All tests contain errors. This is true for tests in physical science and education and in psychological tests. Reliability is always a concern when giving tests. A test can be unreliable and still be valid and another test may be unreliable and invalid. Validity is defined as the agreement between a test score and the quality it is believed to measure or more simply worded, it measures the gap between what a test actually measures and what it is intended to measure. Reliability is a measure of how much a test results can be trusted. A test may be highly reliable at the expense of validity or in other words, you may get the same results every time, but it does not tell you what you need to know. Stability is also a concern in the reliability of a test and is a measure of repeatability over a period of time in which the results remain constant, or in other words, if you give a test time after time the results should be the same. Consistency also plays a part in reliability and is defined as a measure of reliability through similarity within the test, with individual questions giving predictable answers every time.

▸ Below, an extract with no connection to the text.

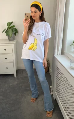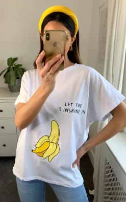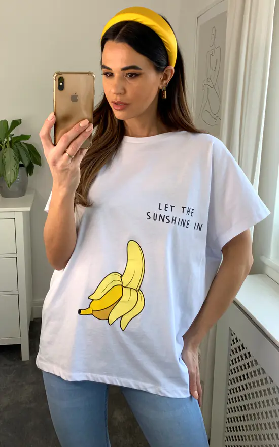 Our Oversized Banana T-Shirt in White will make you stay comfortable all day long. The print detail gives a personality to it and creates a fun and trendy look for you. Pair it with your fave jeans and trainers. Promise, you wonβt want to wear anything else this autumn!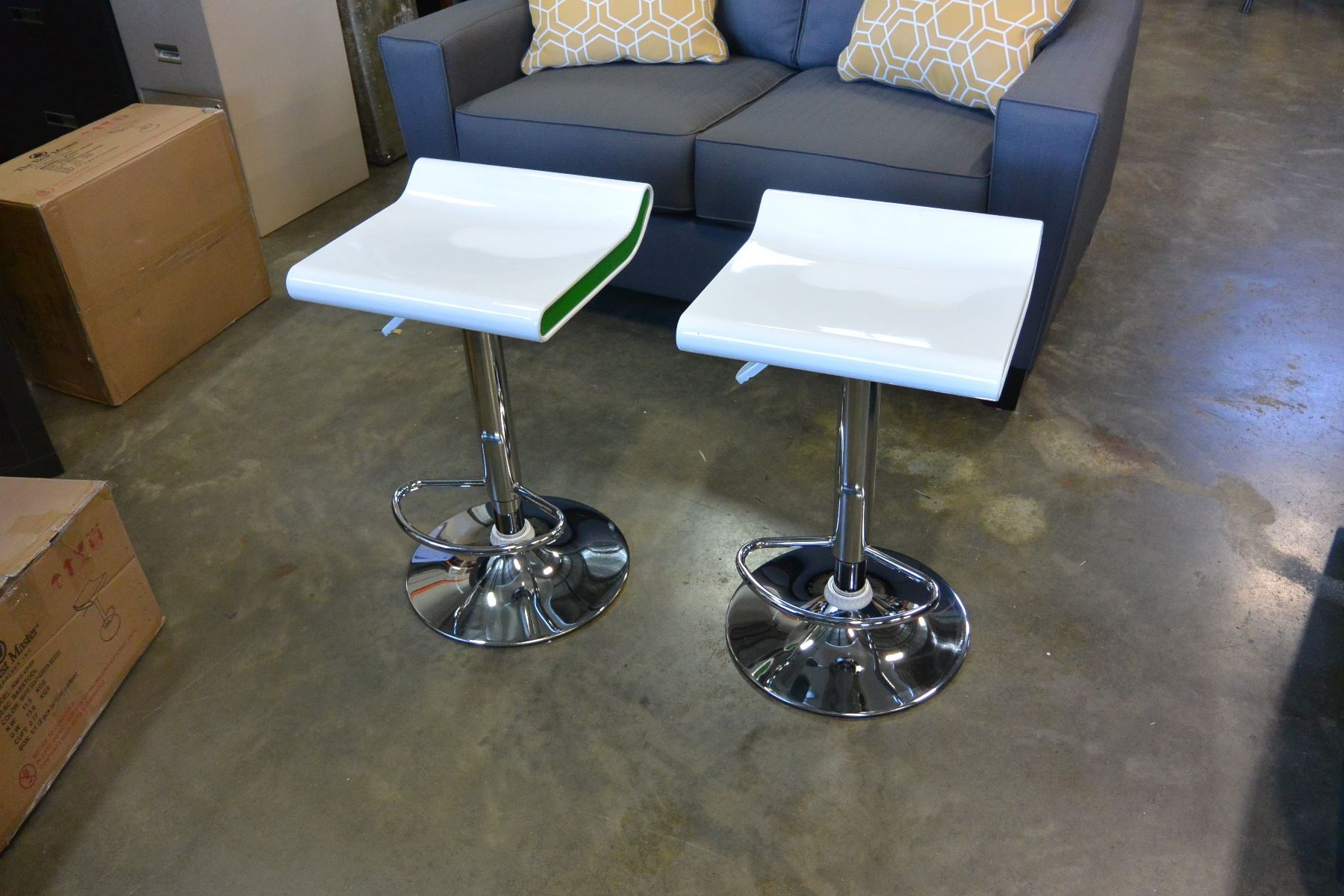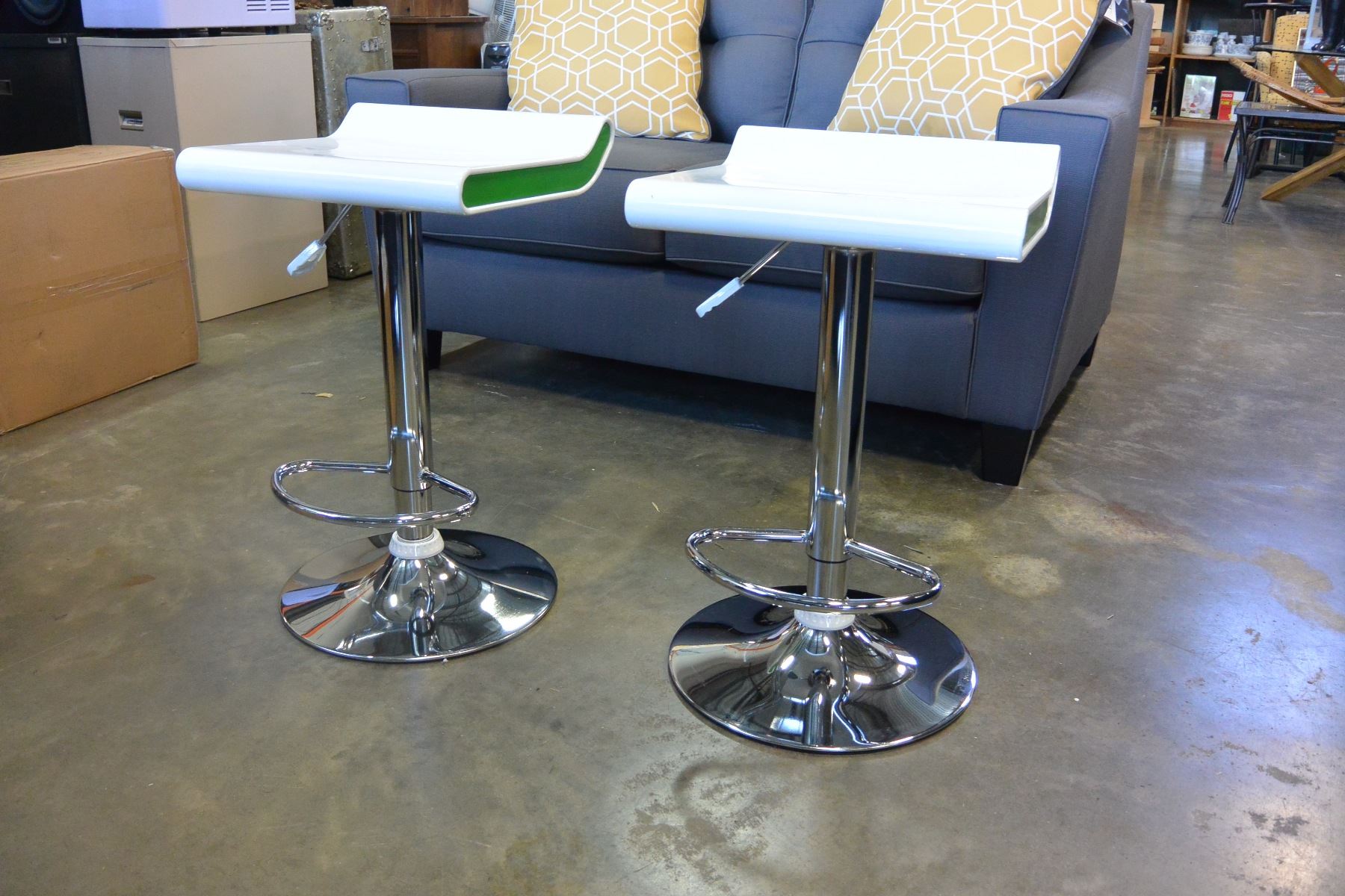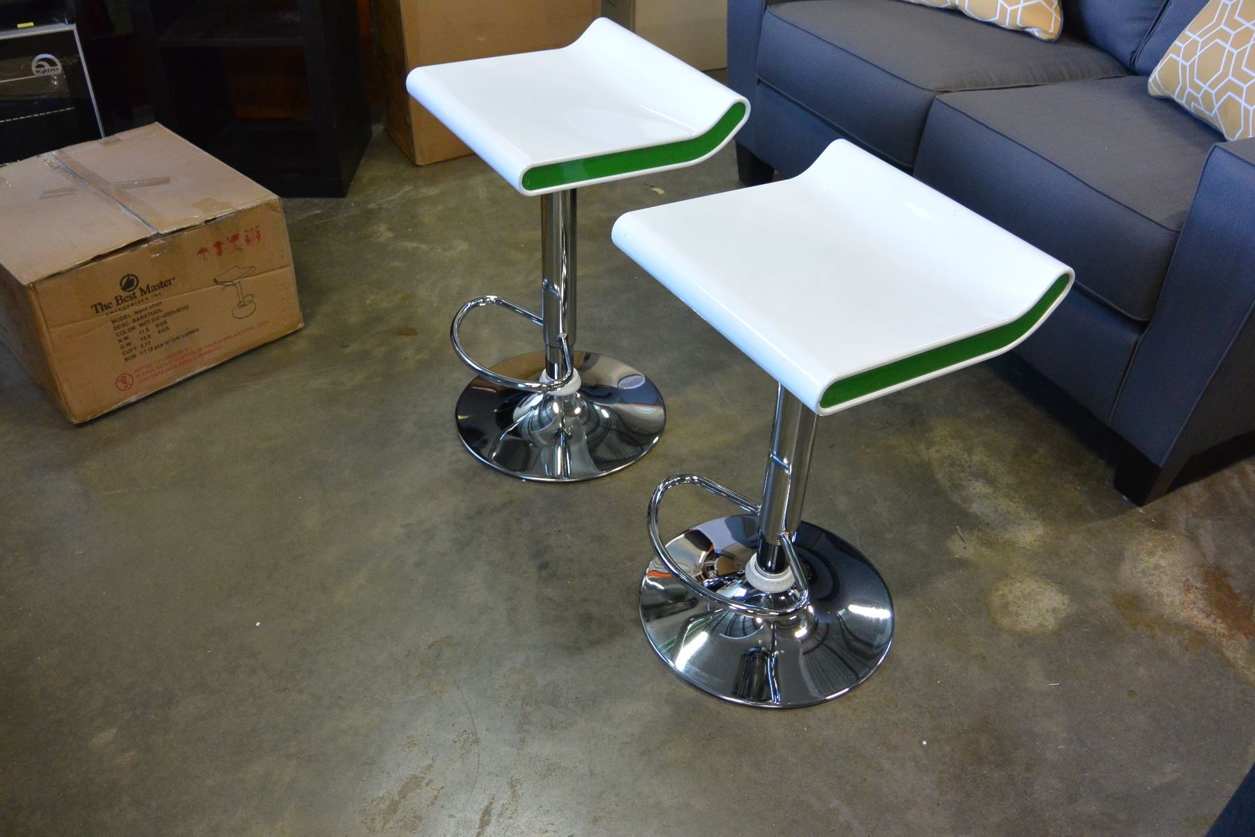NEW PAIR OF MODERN WHITE/GREEN WITH CHROME BASE ADJUSTABLE HEIGHT BARSTOOLS, RETAIL $280 PAIR

In other words, certain questions should have predicable answers time after time. Therefore, a number of reliable test formulas have been developed such as the Split-Half method, the Spearman- Brown formula, the Cronbach alpha formula, and the Kuder-Richardson formula. We will discuss the Kuder-Richardson formula.

The Kurder-Richardson formula was developed in 1937 in order to measure internal consistency reliability in a single administration of a single test. It is a formula for calculating how consistent people’s responses are among the questions on a test. All items are compared with each other, rather than half of the items with the other half of the items. There are two forms of the Kurder-Richardson, K-R 20 and K-R 21. K-R 20 formula is used for knowledge test in which test answers would be coded 1 for a correct answer and coded 0 for an incorrect answer. The assessment would be a Forced-Choice Assessment such as a computer based test. The K-R 21 formula would be used when technological assistance is not available. The K-R 21 formula is stated to simpler but sometimes less precise than the K-R 20 formula, but is a generally acceptable measure of internal consistency. The K-R 20 formula can be used in a computer model that can be administered online or in an Excel format. K-R 21 assumes that all of the questions are equally difficult and K-R 20 does not. An example of K-R 20 follows.

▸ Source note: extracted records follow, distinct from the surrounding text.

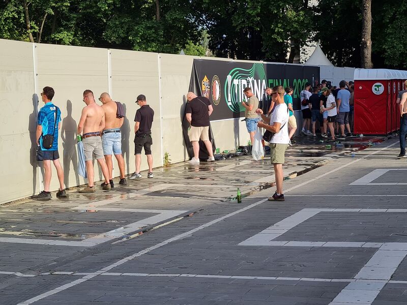 سيدة مشرده تفترش الرصيف وتقول (ساعدوني) ليأتي رجل متقدم في العمر ليرشها بالماء البارد لتنصرف.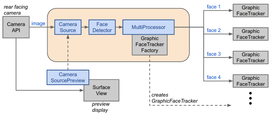 예제 코드에서 제공하는 GraphicFaceTrackerFactory를 사용하여 필요에 따라 새로운 face tracker 인스턴스를 만든다. (참고 : MultiProcessor는 임의의 수의 탐지된 항목(얼굴)을 처리하기 위한 구성 요소다.)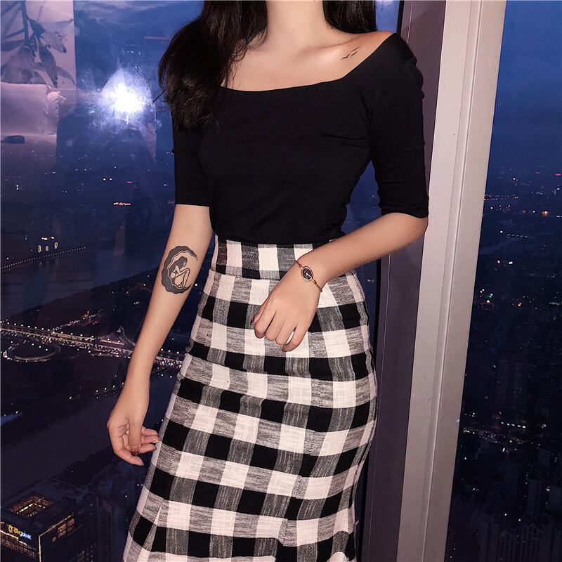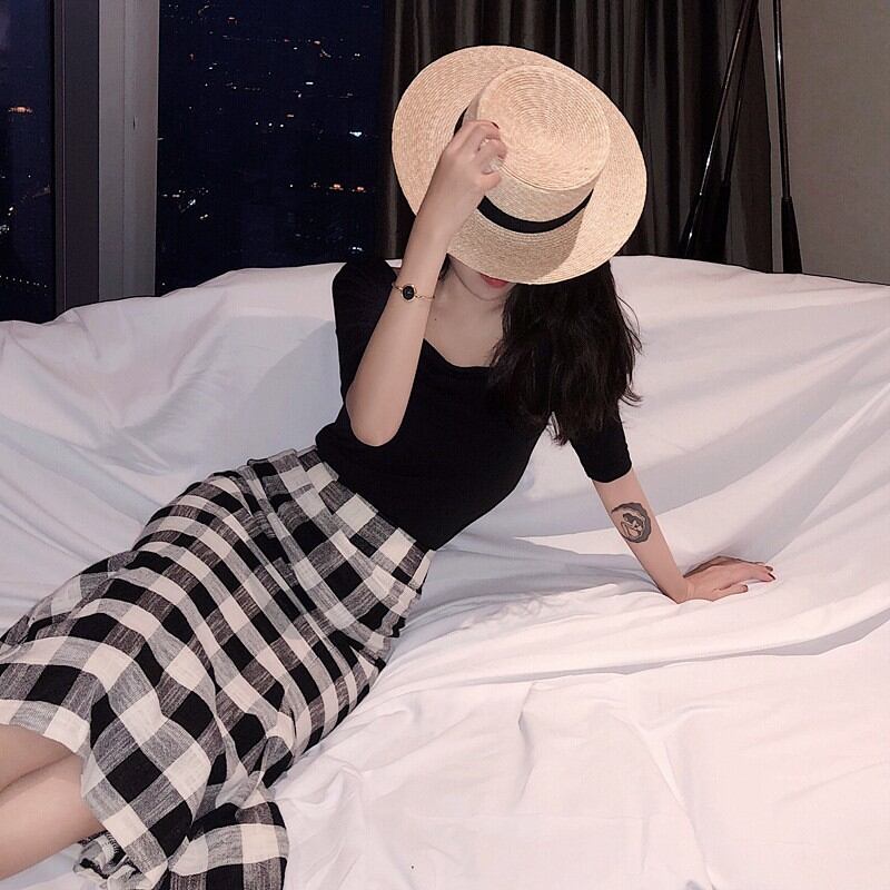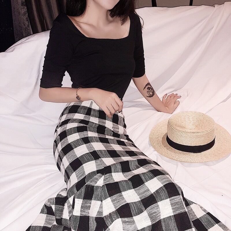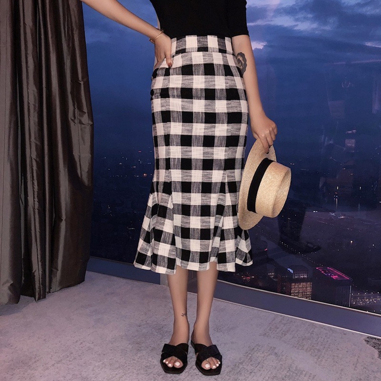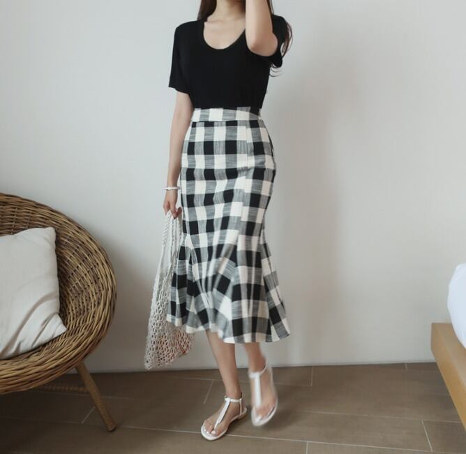 レディース オルチャン 韓国 リネン フリルスカート ボトムス チェックギンガムチェック ミモレ丈 【N108】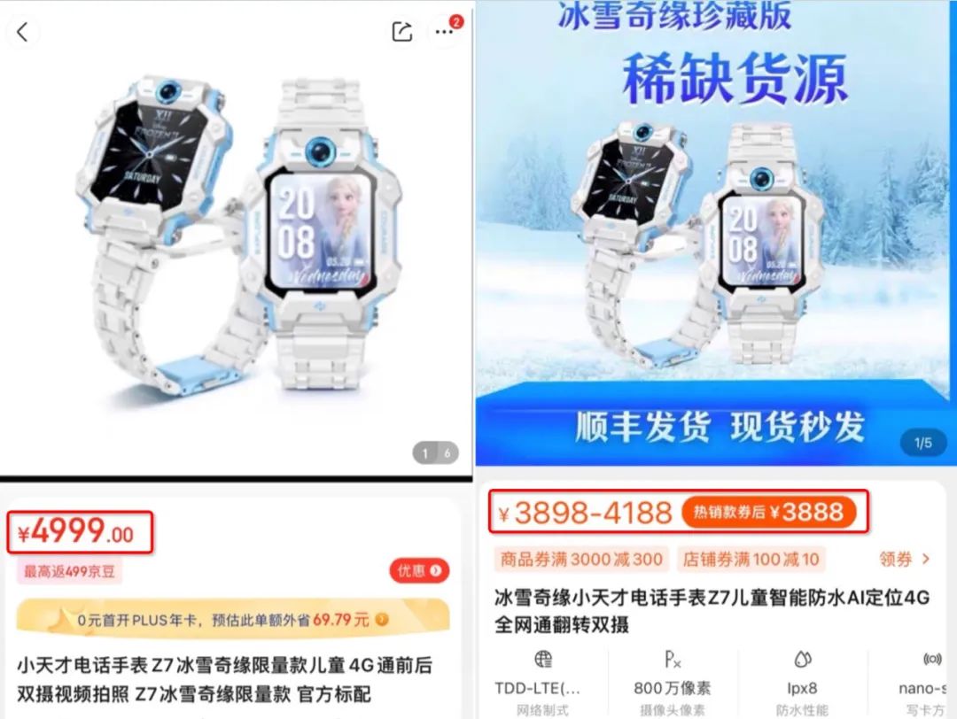 捆绑热门迪士尼IP加上限量发售,Z7冰雪奇缘艾莎公主款在门店和官方旗舰店均卖到断货,原价1998元,现在经销商手中的市场溢价已达到3888元,在京东上一些店铺里甚至挂出了近5000元的售价。有家长调侃:“没想到过了半年,闺女的手表价格还能翻倍,早知多囤几块,比炒股强。”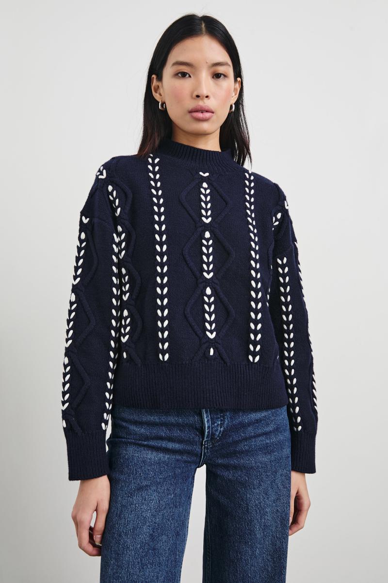 The Tori is an elevated take on the cable sweater, crafted from a heavy wool blend with a white contrast ribbon stitch, ribbed mock neck, and boxy fit.

Kuder-Richardson's ρ is used with dichotomous variables. Each column represents one of the items on the test; each row represents scores taken from a given subject. Two or more items are required (k >= 2), and scores from each item should be stored in a separate data column. If the variables that represent the scores are not already in a binary form, use the rules for treating numeric and textual as binary. The first image below shows part of a data set from a test with k = 12 items and n = 10. The bottom image below displays the output table providing the ρ (K-R 20) and ρ (K-R 21), estimated for the full data set (Gigawiz, 2010).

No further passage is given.